本発明は、衣料,靴,家具,カーシート,雑貨製品等の表面素材として好ましく用いられる立毛人工皮革に関する。
立毛人工皮革であるスエード調人工皮革は、高分子弾性体を含浸付与された不織布を含む繊維基材の表面を起毛処理することにより毛羽立たせた立毛面を有する。立毛人工皮革には、耐摩耗性が求められる。また、立毛人工皮革は通常着色されているために、摩擦によって他の素材に色移りさせにくい摩擦堅牢性も求められる。
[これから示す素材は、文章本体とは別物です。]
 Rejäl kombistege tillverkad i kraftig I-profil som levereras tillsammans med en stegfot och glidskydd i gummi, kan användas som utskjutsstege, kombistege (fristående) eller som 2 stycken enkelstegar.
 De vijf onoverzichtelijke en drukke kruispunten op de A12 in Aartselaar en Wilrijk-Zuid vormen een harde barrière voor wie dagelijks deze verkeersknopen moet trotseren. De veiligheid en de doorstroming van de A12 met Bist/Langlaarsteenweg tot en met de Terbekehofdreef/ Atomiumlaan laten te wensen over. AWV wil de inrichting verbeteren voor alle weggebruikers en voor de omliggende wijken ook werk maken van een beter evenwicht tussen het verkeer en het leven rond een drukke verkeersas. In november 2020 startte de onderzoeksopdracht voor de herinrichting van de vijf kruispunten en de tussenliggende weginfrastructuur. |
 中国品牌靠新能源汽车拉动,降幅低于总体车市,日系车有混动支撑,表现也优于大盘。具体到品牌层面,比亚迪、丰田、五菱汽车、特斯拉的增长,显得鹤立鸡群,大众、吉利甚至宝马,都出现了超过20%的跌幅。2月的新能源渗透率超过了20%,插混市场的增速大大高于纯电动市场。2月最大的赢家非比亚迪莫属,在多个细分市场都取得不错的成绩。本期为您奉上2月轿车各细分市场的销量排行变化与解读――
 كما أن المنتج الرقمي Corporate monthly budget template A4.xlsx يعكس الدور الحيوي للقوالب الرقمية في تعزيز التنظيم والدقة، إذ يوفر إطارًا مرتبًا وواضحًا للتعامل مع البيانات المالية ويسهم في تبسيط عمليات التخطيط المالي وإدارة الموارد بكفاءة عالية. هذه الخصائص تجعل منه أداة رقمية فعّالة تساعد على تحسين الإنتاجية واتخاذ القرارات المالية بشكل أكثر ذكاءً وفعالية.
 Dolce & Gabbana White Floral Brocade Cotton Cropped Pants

スエード調人工皮革の耐摩耗性に関し、例えば、下記特許文献1は、極細繊維と高分子弾性体からなる皮革様シート状物において、高分子弾性体の付与後に混合繊維の一成分を抽出した後、再び高分子弾性体を付与して得られるスエード調人工皮革の製造方法を開示する。また、スエード調人工皮革の摩擦堅牢性に関し、下記特許文献2は、平均単繊度0.1デニール以下の極細繊維からなる絡合不織布およびそれに含有されたポリウレタンを主体とする重合体からなるスエード調人工皮革に、染料と特定の共重合体が付与されているスエード調人工皮革を開示する。また、スエード調人工皮革よりも立毛が短いとされるヌバック調人工皮革の摩擦堅牢性に関し、下記特許文献3は、単繊維繊度0.0001~0.5デシテックス、見掛け密度が0.300~0.700g/cmの短繊維不織布からなり、立毛長が1~500μmであり、かつ弾性重合体からなる膜状物が存在しないことを特徴とするヌバック調皮革様シート状物を開示する。
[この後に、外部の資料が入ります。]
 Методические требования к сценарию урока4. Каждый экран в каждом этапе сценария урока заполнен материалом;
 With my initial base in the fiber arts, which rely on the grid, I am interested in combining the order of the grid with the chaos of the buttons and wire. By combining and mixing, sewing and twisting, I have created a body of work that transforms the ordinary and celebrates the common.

特開昭51-75178号公報 特開平11-217773号公報 特開2006-241620号公報
特許文献1に開示された技術により得られるスエード調人工皮革は、耐摩耗性が改善されるが、高分子弾性体が極細繊維を直接把持するため、風合いが硬くなる。また、特許文献2に開示された技術により得られるスエード調人工皮革は、繊維立毛面を形成した後に共重合体が付与されているために、表面の風合いが硬いと思われる。また、特許文献3に開示された技術により得られるヌバック調皮革様シート状物は、耐摩耗性が低い。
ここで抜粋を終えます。